“Don't cry because it's over, smile because it happened.” ― Dr. Seuss
On this day in 1991, Theodor Seuss Geisel died at the age of eighty-seven.
It is hard to think there was a time when there was NO Dr. Seuss.
“Today you are You, that is truer than true. There is no one alive who is Youer than You.”
His first children's book, To Think That I Saw It On Mulberry Street (1937) was rejected by twenty-seven publishers.
But over the next fifty years he would write and illustrate forty-eight books,
collect a Pulitzer, two Emmys and three Oscars,
and make the more lasting household contributions of Horton, Yertle, the Cat in the Hat.
Imagine if he had stopped with the 26th publisher!
Actually,
He only knew 26 publishers!
He met a friend on the street
to whom he confided his lost dream.
His friend had just become a publisher!
And the rest is history!
The evolution of the "Dr. Seuss" pseudonym began during Geisel's senior year at Dartmouth College.
When the dean forced him to resign his editorship of the school's humor magazine
as punishment for having too much fun and too few marks, Geisel continued to contribute as "Ted Seuss."
The name and word fun reflects a streak of whimsy and putting-one-over that lasted a lifetime and became a mission.
When Geisel was a student at Oxford, and banned by school regulations from driving a motorcycle,
he tied dead ducks to his handlebars to pass his vehicle off as that of a poultry deliveryman.
When living in New York City and finding himself with a telephone number one digit different from a local fish market,
he would send his own cardboard fish to those who called him with their order.

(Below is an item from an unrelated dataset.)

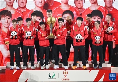 國(guó)乒九戰(zhàn)全勝奪得混合團(tuán)體世界杯冠軍。

When trying to quit smoking in his fifties,
he carried a corncob pipe empty of tobacco but full of dirt, in which he had planted radish seeds.
He would suck on the pipe while riding the bus, stopping every now and then to take out an eyedropper of water and squeeze a few drops into the bowl.
To anyone who took the bait he would explain that he was "Watering the radishes."
At eighty-two, he published his last book, You're Only Old Once,
and told reporters that "Age has no effect on me. I surf as much as I ever have. I climb Mount Everest as much as I ever have...."
May we all endeavor to have a bit of that kind of spirit!